Russian Ambassador to North Korea
- In office 26 December 2014 – 6 December 2025
- President: Vladimir Putin
- Preceded by: Aleksandr Timonin
- Succeeded by: Andrei Podyolyshev

Personal details
- Born: 21 November 1955 Odessa, Ukrainian SSR, Soviet Union
- Died: 6 December 2025 (aged 70) Pyongyang, North Korea
- Alma mater: MGIMO
- Occupation: Diplomat
- Awards: Order of Alexander Nevsky Order of Friendship DPRK Order of Friendship

= Aleksandr Matsegora =

Russian diplomat (1955–2025)

Aleksandr Ivanovich Matsegora (Александр Иванович Мацегора; 21 November 1955 – 6 December 2025) was a Soviet and Russian diplomat who served as Ambassador of Russia to North Korea from 2014 until his death in 2025.

==Life and career==
Matsegora was born in 1955, in Odessa, Ukrainian SSR and the USSR.

In 1978, he graduated from the Faculty of International Economic Relations of the Moscow State Institute of International Relations (MGIMO) of the Soviet Ministry of Foreign Affairs. He was in diplomatic service from 1999 onwards. From 2005 to 2006, he served as head of department in the First Department of Asia of the Russian Ministry of Foreign Affairs. From 2006 to 2011, he served as Minister-Counselor of the Embassy of Russia in the DPRK. From 2011 to 2014, he served as deputy director of the First Department of Asia of the Russian Ministry of Foreign Affairs.

From 26 December 2014 until his death, he served as Extraordinary and Plenipotentiary Ambassador of the Russian Federation to North Korea.
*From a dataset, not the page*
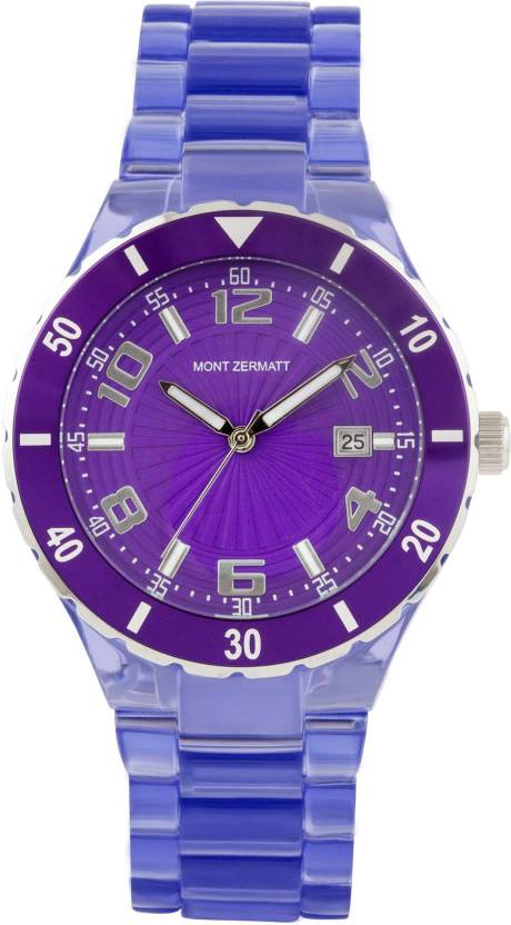 Brought too you from the house of D'SIGNER MONT ZARMATT Analog watches are quartz movement with manufacturer's warranty at affordable prices.case style:watch,case with a bazel ring Two tone Color case round shape.has a stainless steel. dial style:round shape dial color,Purple with a date window at 3.in the surface,feature: A Screw at the position of 3 to reset the time. strap style,Blue Plastic strap it has a Plastic strap which gives you a comfort in wear secured with a tang clasp water resistant up to 30 m. warranty: 1 year battery,1 year movement , and 6 month plating.

He presented his credentials on 9 March 2015. In December 2024, he hosted a reception to mark the signing of the North Korean–Russian Treaty on Comprehensive Strategic Partnership. He spoke Russian, Korean and English.

Matsegora died in the North Korean capital Pyongyang on 6 December 2025, at the age of 70, having made his last public appearance on 2 December. A close link to North Korean leader Kim Jong Un, his death was characterised as sudden, and his cause of death was undisclosed by the Ministry of Foreign Affairs.